A few notes about 'Silent Night'

Putting to rest the myth about how quickly this beloved carol was created.

Classical Music

December 24, 2000|By Tim Smith | Tim Smith,Sun Music Critic

It came upon a Midnight Mass, when the snow-draped Austrian countryside in solemn stillness lay, that the organ of St. Nicholas' Church in the quaint little riverside village of Oberndorf was kaput. It was Christmas Eve, exactly 182 years ago today.

Mice had chewed through some of the instrument's innards, and the assistant pastor, the Rev. Joseph Mohr, was anxious to find some sort of substitute music for the service. He happened to be a decent guitarist, so all he needed was a song to play.

Mohr walked over to the next village, Arnsdorf, where his organist, Franz Xaver Gruber, lived. Mohr asked Gruber to compose a tune for words the priest had hastily written. In short order, Gruber produced a brand new carol and arranged it for two voices -- theirs -- and guitar. The freshly created piece was called, in German, "Stille Nacht" -- "Silent Night."

And the rest is Christmas carol history.

Or myth.

Recent scholarship casts some doubts on the origins of "Silent Night," the world's favorite Christmas carol, which has been translated into at least 230 languages. It seems that Mohr penned the six verses of the song not under pressure on that fateful Christmas Eve of 1818, but about two years earlier, before he was even assigned to St.
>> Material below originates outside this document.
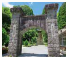
「山田の凱旋門」は、国内で唯一現存する石造りの凱旋門です。

市内の中山間地区に住宅取得をされた方への補助金制度があります。住宅増改築補助金・子ども補助金・引越費用補助金の加算補助金もあります。(ふるさと移住・定住促進事業)

Nicholas' parish. And the story about Gruber coming up with his melody only a few hours before its first performance may be a bit of poetic license, too. Some suggest he got started on Dec. 23; others suspect he had written it even earlier.

The organ really was broken, however, although probably not because of mice. The church was susceptible to flooding from the nearby river (the entire village was relocated in 1905 because of that threat), and the organ bellows were often damaged by mildew.

Still, even without the extra embellishments, the circumstances surrounding "Silent Night" are worth retelling. For that matter, so are the stories behind many other favorite Christmas carols, which will be getting a workout in churches and on radio and television sets across the globe tonight and tomorrow.

Adapted for Christmas

Carols have been part of Western culture since before the Dark Ages, though they were secular -- downright pagan -- in nature at first. They were a form of folk song, associated with the coming of spring, and had dance rhythms. Eventually, they were adapted by Christians and given new texts about the birth of Jesus.

By the 1100s, Christmas carols were commonly sung in Italy around creches set up in churches; in 1223, St. Francis of Assisi famously held a Christmas Mass that included carols. By the 1300s, most of Europe and the United Kingdom were embracing and enriching the tradition of carols. There were occasional attempts over the centuries, notably by the Puritans, to banish carols from church services, but such actions invariably proved futile.

Today, it is impossible to imagine Christmas without carols. Easter, arguably the more significant holy day for Christians, never produced as much universally popular music, while the Nativity continues to inspire new carols, especially in England.

But the old favorites are not likely to be replaced anytime soon, if ever. For various reasons and in various ways, they have struck deep chords within people. Something in the musical simplicity and basic message of these time-tested carols continues to hit home.

The simplicity of "Silent Night," not to mention the warmth of its words, is a strong case in point. It is universally recognized as a quintessential Christmas carol, its gentle, lullaby rhythm and disarming melody perfectly matching the image of the Nativity. But it wasn't necessarily a case of love at first hearing. We may not know much about what the first listeners of the carol thought when Gruber and Mohr sang it alongside a creche in a side chapel of that Austrian church (some versions place the two performers at the main altar). But we can make a good guess. "Silent Night" apparently went over like a lead snowman on Dec. 24-25, 1818.

Well, maybe it wasn't that bad, but it took quite a while before the carol started to register on the Christmas Hit Parade. The organ repairman who eventually showed up at Oberndorf a few days after that Midnight Mass found a copy of "Silent Night," liked it and spread it around on his subsequent travels through the region.

Still, the song did not catch on quickly. Ian Bradley, in his indispensable sourcebook, "The Penguin Book of Carols," says that "Silent Night" might have "sunk without a trace, alongside hundreds of other Austrian folk carols, had a manuscript copy of it not come into the hands of Josef Strasser, a glove-maker and folk-music enthusiast who had a family singing group in the best 'Sound of Music' tradition."